Problem:
Restate, exactly as written, the entries below from the line that holds "Bàn Ăn Gỗ Me" through the line that holds "7カラースタッズ付き キラキラ 帽子". Pictures are not part of the copy.

Extracted information:
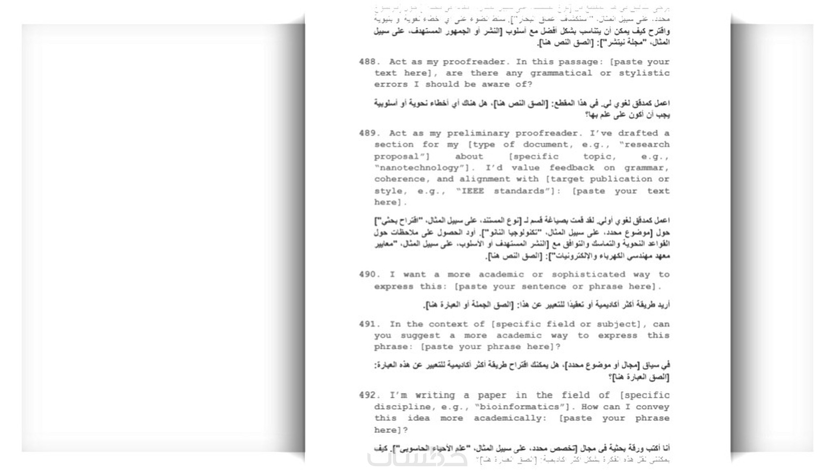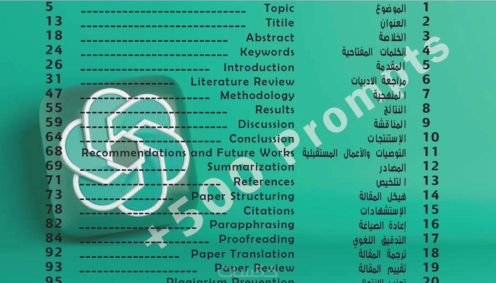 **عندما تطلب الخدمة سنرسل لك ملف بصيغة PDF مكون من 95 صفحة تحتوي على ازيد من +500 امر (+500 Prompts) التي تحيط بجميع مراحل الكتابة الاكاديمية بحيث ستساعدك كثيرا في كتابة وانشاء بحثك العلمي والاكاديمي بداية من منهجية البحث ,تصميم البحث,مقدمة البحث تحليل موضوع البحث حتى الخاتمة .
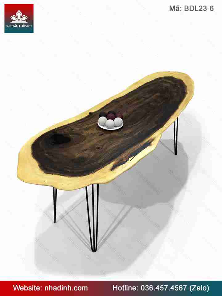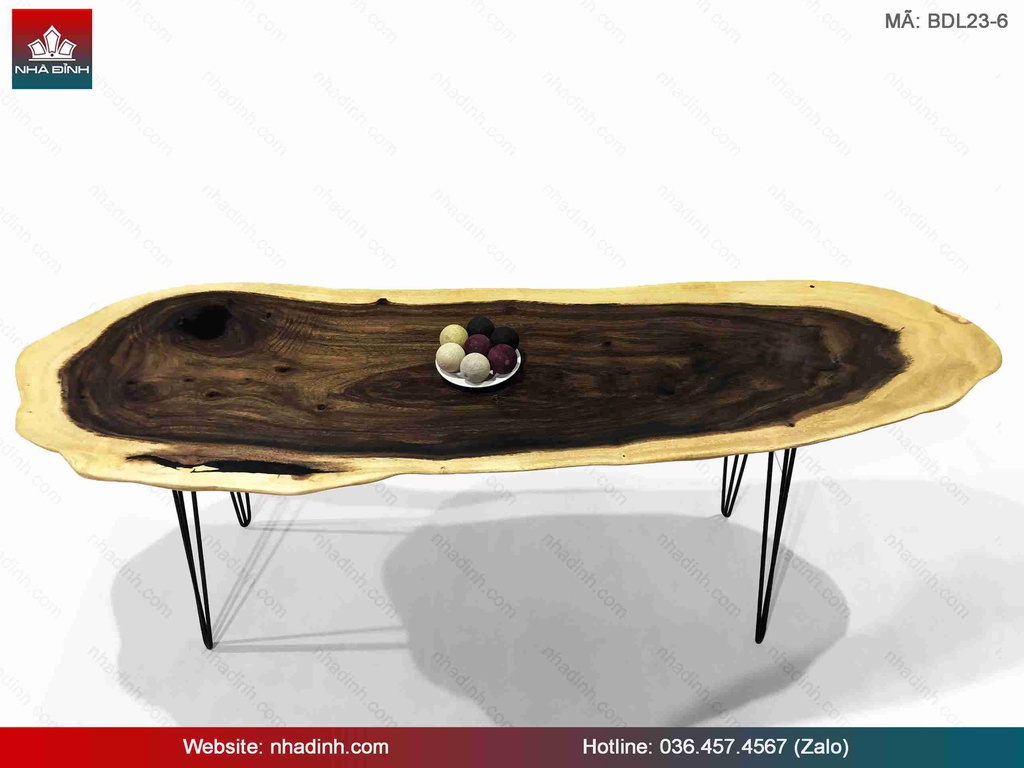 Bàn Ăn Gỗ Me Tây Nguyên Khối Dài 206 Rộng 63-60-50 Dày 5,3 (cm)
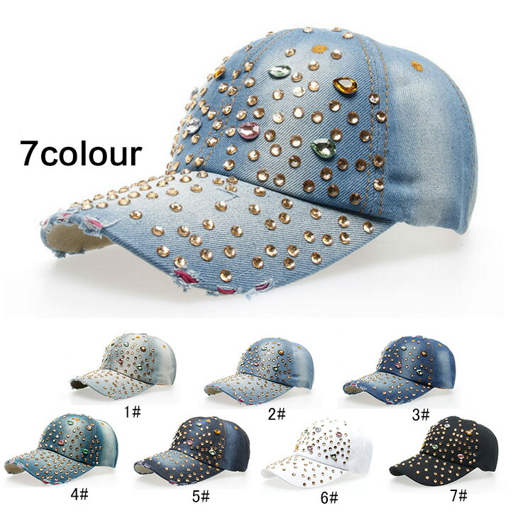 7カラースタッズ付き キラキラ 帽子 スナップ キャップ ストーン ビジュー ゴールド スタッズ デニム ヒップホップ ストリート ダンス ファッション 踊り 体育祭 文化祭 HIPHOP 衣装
---
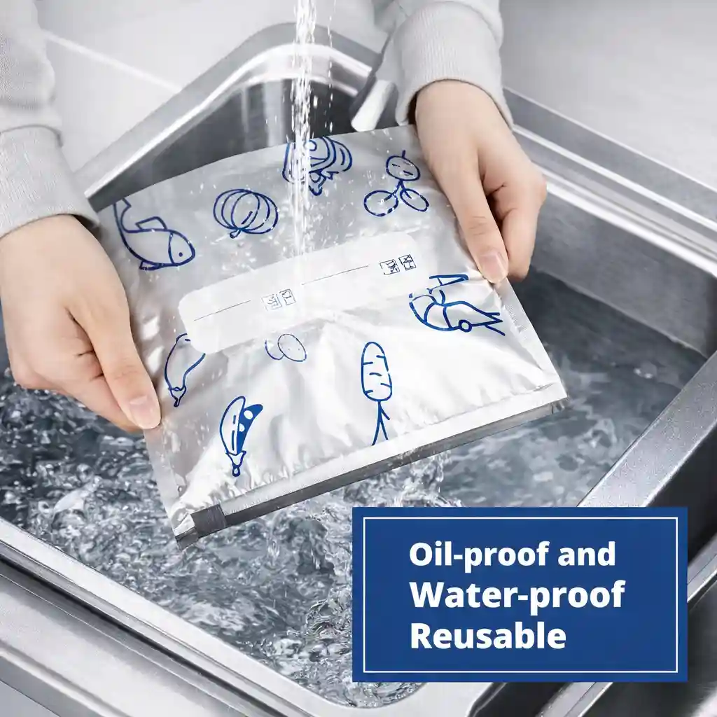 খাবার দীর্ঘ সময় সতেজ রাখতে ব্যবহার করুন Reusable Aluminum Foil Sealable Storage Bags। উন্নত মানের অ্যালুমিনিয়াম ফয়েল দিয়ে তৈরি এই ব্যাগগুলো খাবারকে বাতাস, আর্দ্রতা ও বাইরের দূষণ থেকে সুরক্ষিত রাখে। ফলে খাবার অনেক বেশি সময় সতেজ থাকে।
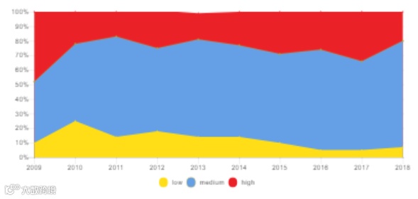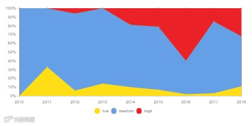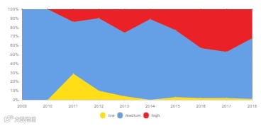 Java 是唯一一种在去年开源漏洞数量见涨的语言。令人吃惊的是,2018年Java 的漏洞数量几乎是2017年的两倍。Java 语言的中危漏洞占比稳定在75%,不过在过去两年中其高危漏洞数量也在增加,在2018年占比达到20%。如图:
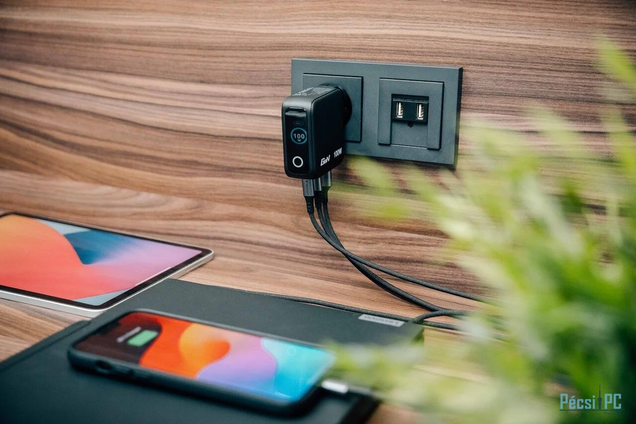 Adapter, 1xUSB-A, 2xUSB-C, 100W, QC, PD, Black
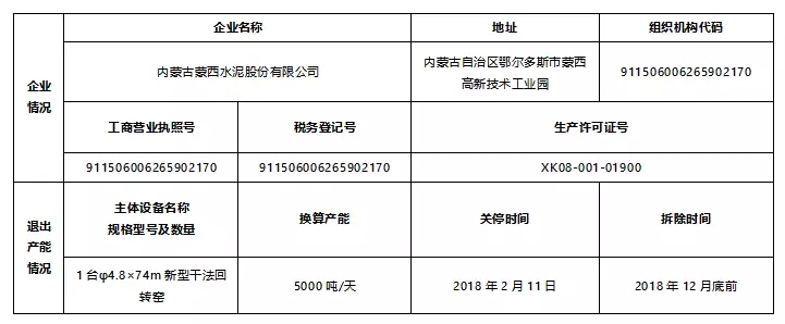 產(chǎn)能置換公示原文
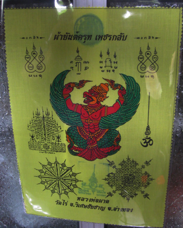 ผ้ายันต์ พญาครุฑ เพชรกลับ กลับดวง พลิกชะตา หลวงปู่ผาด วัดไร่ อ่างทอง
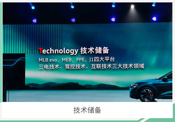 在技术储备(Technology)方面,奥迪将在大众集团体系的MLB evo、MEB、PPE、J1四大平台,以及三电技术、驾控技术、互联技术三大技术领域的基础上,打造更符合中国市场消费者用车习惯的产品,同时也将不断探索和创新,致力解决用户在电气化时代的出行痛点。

Solution to the exercise:
 Bàn Ăn Gỗ Me Tây Nguyên Khối Dài 206 Rộng 63-60-50 Dày 5,3 (cm)
 7カラースタッズ付き キラキラ 帽子 スナップ キャップ ストーン ビジュー ゴールド スタッズ デニム ヒップホップ ストリート ダンス ファッション 踊り 体育祭 文化祭 HIPHOP 衣装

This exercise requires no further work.